Malaysia needs a second stimulus of at least 33 billion ringgit, according to AmResearch Sdn. economist Manokaran Mottain. Deputy Finance Minister Kong Cho Ha told the Chinese- language Sin Chew Daily last month the government will announce an additional package of 30 billion ringgit to sustain economic growth and stem rising unemployment.
Asian nations have unveiled stimulus plans worth almost $700 billion and cut borrowing costs as the global slump pushed Japan, Hong Kong, Singapore and Taiwan into recession. Malaysia’s economy grew at the slowest pace in seven years last quarter as falling exports hurt companies including Malaysian Pacific Industries Bhd. and job losses surged.
“The spectre of a technical recession for Malaysia in the first half of 2009 is now a certainty while an outright recession for the full-year is inevitable,” said Azrul Azwar Ahmad Tajudin, an economist at Bank Islam Malaysia Bhd. in Kuala Lumpur. “We seriously need a bold and decisive policy action with more aggressive fiscal and monetary measures.”

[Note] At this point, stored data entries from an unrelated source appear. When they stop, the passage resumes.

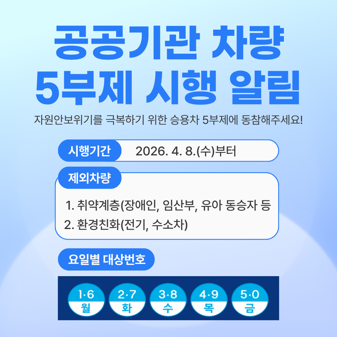 1. 공공기관 차량 5부제 시행.png [ Size : 372.19KB , Down : 59 ] 미리보기 다운로드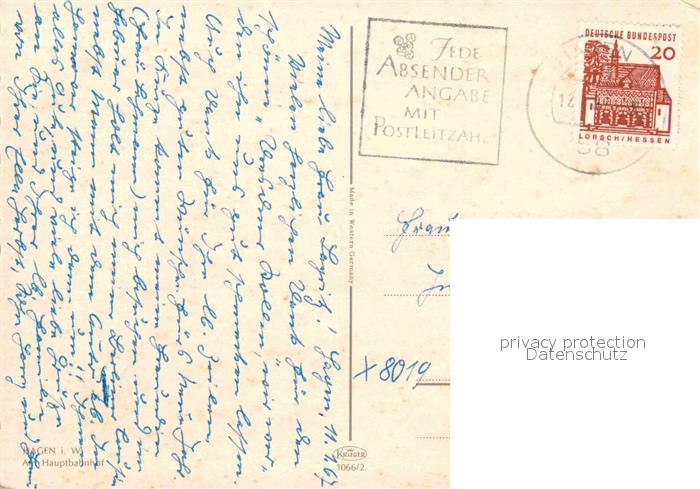 72631916 alte Postkarte Hagen Westfalen Am Hauptbahnhof postalisch gelaufen Erhaltung siehe scans [LiesaD40] KatCode: 11110005914000
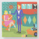 This Retro Martini Couple Stone Coaster looks like a scene out of a romantic comedy. The setting of this 1960's style, minimalist art design is an elegantly decorated, mid century modern house or apartment. The cast is an attractive couple enjoying an evening filled with sparkling conversation, good music and bottomless drinks. The room features a green floor, and an aqua and teal brick wall. Resting comfortably in a mod, orange egg chair is a beautiful woman. Her bright pink dress is just short enough to show off her shapely gams. With the wave of a hand, this blonde beauty has the immediate attention of her male admirer. Her fair haired companion is wearing a blue suit, white shirt and black bow tie. In his hands, he is holding two, crystal martini glasses with floating olives. Don't worry. He's offering one to his lady friend. The pair is having such a delightful time that neither is taking notice of the hour showing on the kitschy, red, starburst clock on the brick wall behind them. On a recessed fiery red wall, there are three Classic Movie Martini Stretched Canvas Prints, also available from StrangeLittleOnion's Zazzle store (hint, hint!) Two of the prints feature turquoise backgrounds and one is on a dramatic black background. Centered beneath the prints is an elegant wet bar. The front of the teal bar has three harlequin diamonds, in shades of orange, turquoise and green. We can see the silhouettes of martini glasses resting on the counter top. Across the room, an orange ottoman is holding a blue and black, portable record player. On the floor, we see the vinyl records and a bright yellow album cover. This attractive duo is having such a delightful time that neither is taking notice of the hour showing on the kitschy, red, starburst clock on the brick wall behind them.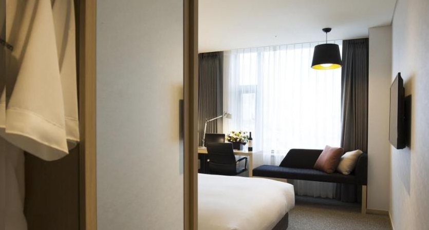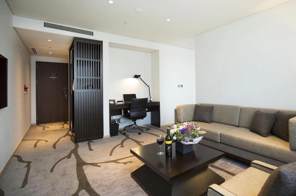 밤에 집 가기 귀찮고 피곤해서 혼자. 하룻밤 숙소에서 쉬었는데 나름 괜찮았어요. 잘 쉬다갑니다. 엘리베이터 탈 때 객실 키를 대야만 층수를 누를 수 있는 시스템이 좋았어요. 인테리어 책상도있고 소파도 있고 방 같았어요. 냉장고에는 생수 2병이 있었습니다. 바닥은 카펫인데, 신발장 구분없이 신발 신고 바로 객실 들어오는 부분이 저는 좀 이질감이 들었네요.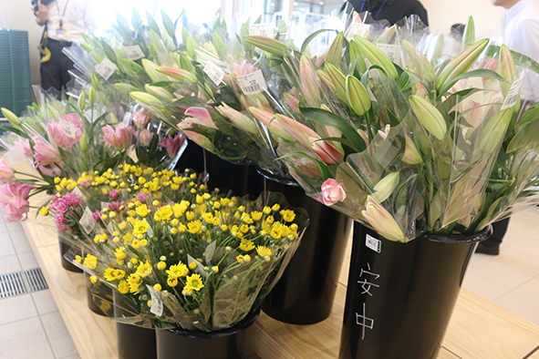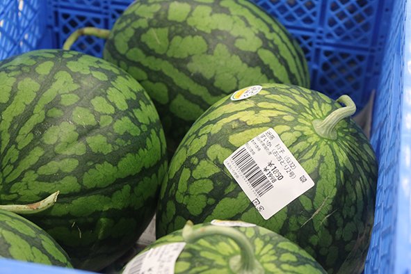 碧海地区で4店舗目になるでんまぁと同店では、地元産の採れたての野菜や果物、花などが店頭にぎっしり。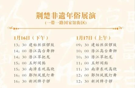1月16日下午至17日上午,建始丝弦锣鼓、潜江高台舞狮、潜江草把龙、五虾闹鲇、南漳东巩高跷、郧阳凤凰灯舞和新洲牌子锣将接连上演,营造喜庆祥和的传统佳节氛围,让游客在逛市集、购年货的同时,感受民俗活力。

Malaysia will allocate 5 billion ringgit on development and another 5 billion ringgit on “operational” spending as part of its second stimulus package, Deputy Finance Minister Kong said March 5. The total package may be worth as much as 35 billion ringgit, Agence France-Presse reported yesterday, citing a government official it didn’t identify.

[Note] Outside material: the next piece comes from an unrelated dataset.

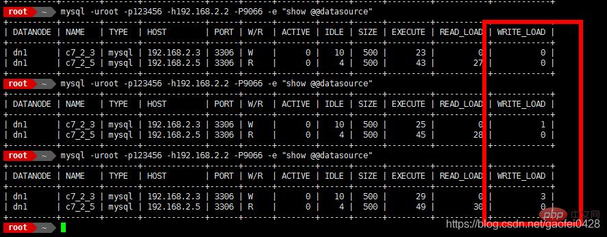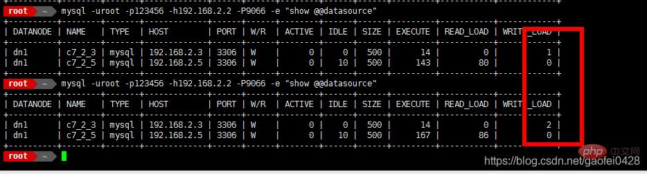 - mysql -uroot -p123456 -h192.168.2.2 -P9066 -e "show @@datasource"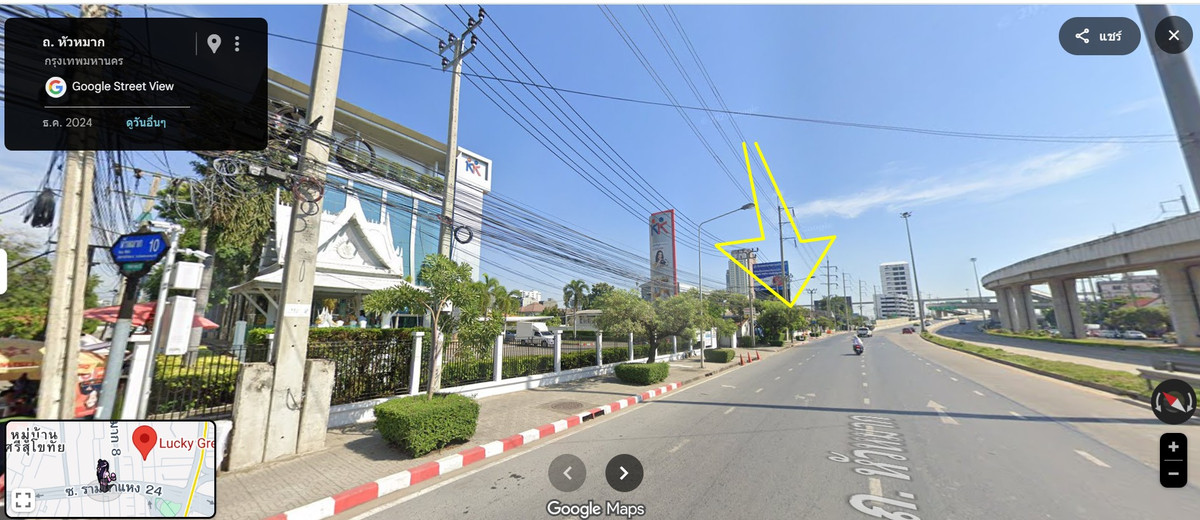 ขายที่ดิน 423 ตารางวา ติดถนนใหญ่ซอยรามคำแหง 24 รถผ่านตลอด เหมาะค้าขายหรือโครงการพาณิชย์ แปลงหัวมุมสวย ที่ดินเนื้อที่ 423 ตารางวา ผังเมือง: สีส้ม ย.6-20 ในแปลงที่ดินมีบ้านสภาพเก่าอยู่ในพื้นที่ หน้ากว้างติดถนนรามคำแหง 24 ประมาณ 24.50 เมตร ความลึกด้านละประมาณ 72–74 เมตร แปลงสี่เหลี่ยมผืนผ้าใช้พื้นที่ได้เต็มแปลง ตำแหน่ง: หัวมุมซอยหัวหมาก 4 – รามคำแหง 24 สามารถออกซอยรามคำแหง 50 และซอยศรีนครินทร์ 4 ได้ เดินทางเชื่อมต่อ รามคำแหง ศรีนครินทร์ จุดเด่นเฉพาะแปลง -แปลงหัวมุม มองเห็นชัดเจนจากทั้งสองด้าน -ติดถนนใหญ่ในซอยรามคำแหง 24 สัญจรสะดวก ห่างถนนศรีนครินทร์ แค่ 200เมตร -ใกล้รถไฟฟ้าสายสีส้ม (สถานีหัวหมาก) 250เมตร ระยะเดินได้ -เดินทางเชื่อมต่อหลายเส้นทาง รามคำแหง ศรีนครินทร์ พระราม 9 ความเหมาะสมในการใช้งาน -เหมาะสร้างบ้านหลังใหญ่ หรือบ้านหลายหลัง ทำโครงการพัฒนาที่อยู่อาศัย ทาวน์โฮม หรือโฮมออฟฟิศ -เหมาะสร้างสำนักงานขนาดใหญ่ หรือธุรกิจที่ต้องการพื้นที่ใช้สอยมาก รายล้อมด้วยชุมชน มหาวิทยาลัย ร้านค้า ตลาด และโครงการที่อยู่อาศัย ที่ตั้ง ซอยรามคำแหง 50 (หัวมุมซอยหัวหมาก 4 – ติดถนนรามคำแหง 24) แขวงหัวหมาก บางกะปิ กรุงเทพมหานคร 10240 ราคาขาย 50,760,000บาท (ตารางวาละ 120,000บาท) สอบถามเพิ่มเติม รบกวนแจ้งรหัสทรัพย์ T3614 คุณโอม คลิกเพื่อดูเบอร์โทรติดต่อ แอดไอดีไลน์ : @thenine18 (มี@ข้างหน้าด้วย) https://page.line.me/thenine18

Finance Minister Najib Razak, who has said the second stimulus plan, or so-called mini budget, will be “bigger and more comprehensive” than a 7 billion-ringgit package in November, is due to table the new plan in parliament tomorrow.

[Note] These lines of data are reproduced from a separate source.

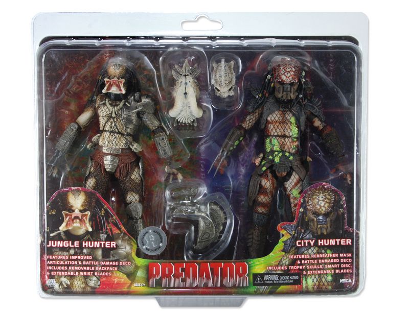 NECA provides new photos of their latest Predator action figure 2-pack. Exclusive to Toys"R"Us this fall, this 8-inch tall figure set stars a Battle Damaged City Hunter from and Battle Damaged Jungle Hunter.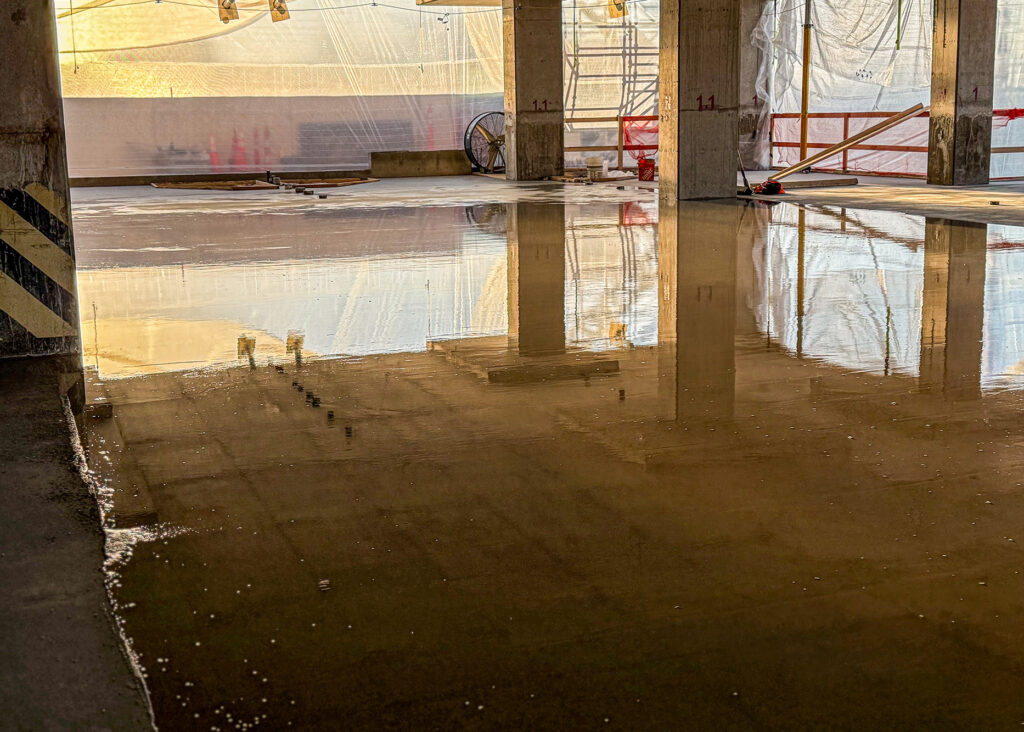 The slopes were ranging from low spots requiring fill depths of up to 5 inches to high spots that needed grinding up to 1 ¾ inches. The General Contractor, Robins & Morton, faced the dilemma of either demolishing and repouring the entire 19,000 sq. ft. parking deck, or finding a lightweight, rapid, and structurally viable alternative.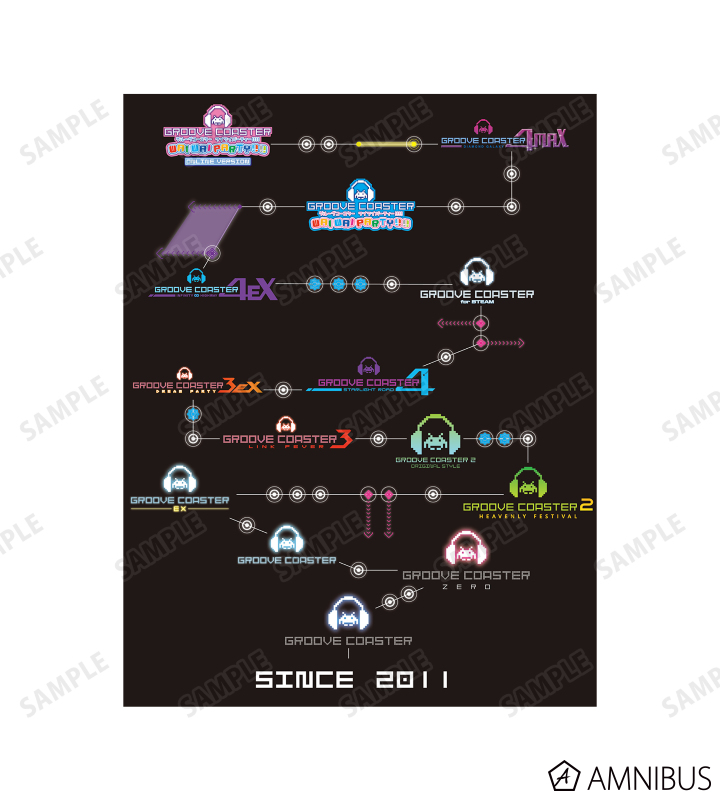 歴代の「グルーヴコースター」シリーズのロゴを、ゲームの画面に見立ててレイアウトしたデザインに仕上げました。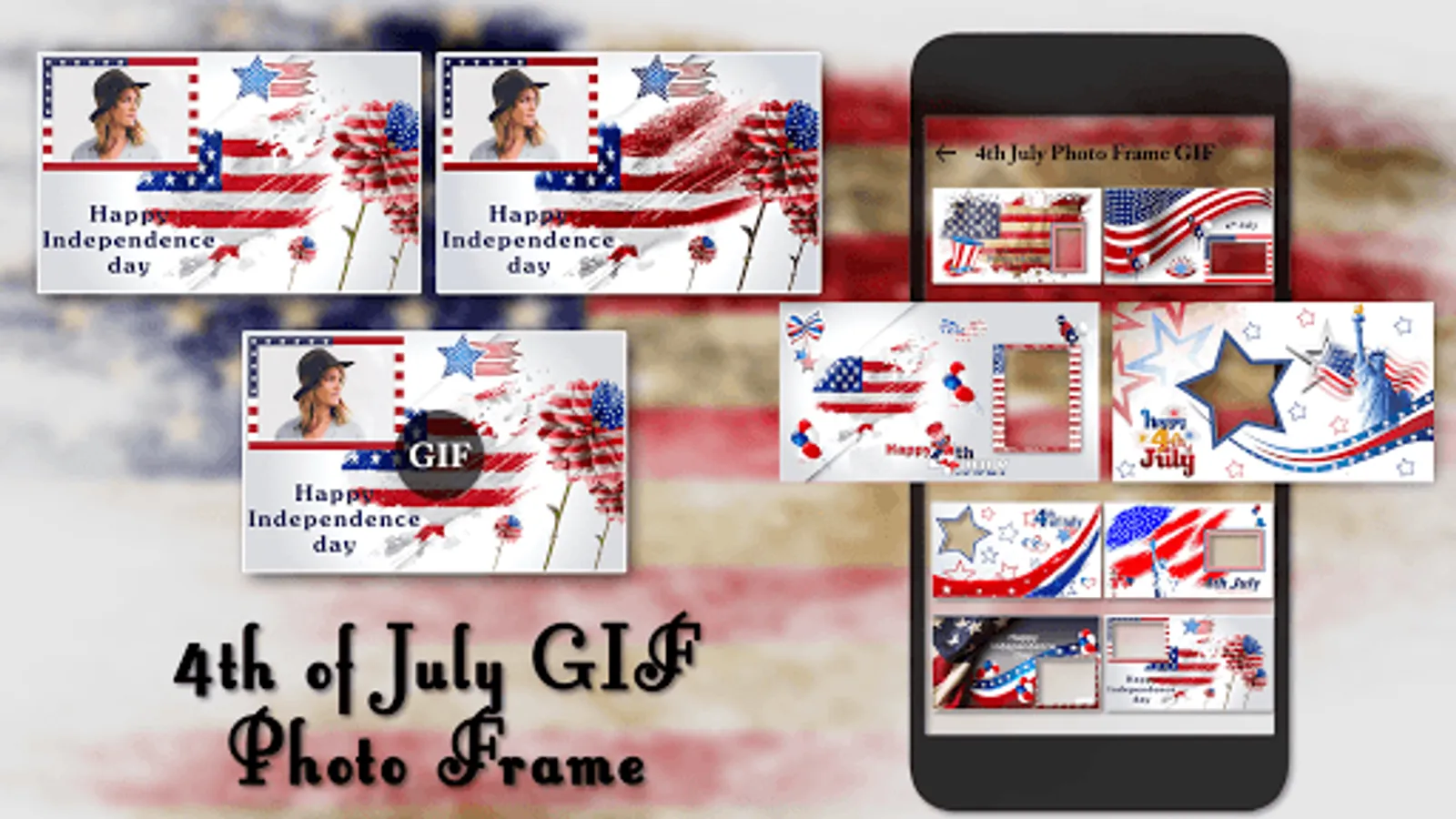 American Independence Day Photo Frame 2018 App provide the best collection of USA Independence Day photo frame / 4th of July photo Frames . Use this free app to create your own photo frames and GIF, to frame your memories and make them unforgettable.

Malaysia’s five- and 10-year government bonds have slumped in the past six weeks on concern the government will increase debt sales to fund a widening budget deficit. Yields on the note maturing in April 2014 rose to the highest level since Nov. 24 on March 6.
The finance ministry will sell 4.5 billion ringgit of the benchmark five-year notes on March 12, the single biggest offering since June 2004. Markets in Malaysia are closed today for a public holiday.
The government’s additional spending may increase this year’s budget deficit to as much as 7.6 percent of gross domestic product, more than the 4.8 percent estimated in November, according to Citigroup Inc. That would be the biggest gap since 1987, according to Bloomberg calculations using government data for the budget balance and GDP at current prices.
“The priority for the government now is to cushion the economy from the severe global recession and to spur economic growth,” Peck Boon Soon, an economist at RHB Research Institute Sdn., said in a March 6 report in Kuala Lumpur. “We view the worsening budget deficit and a potential downgrade in credit rating as a secondary concern” as long as it is temporary.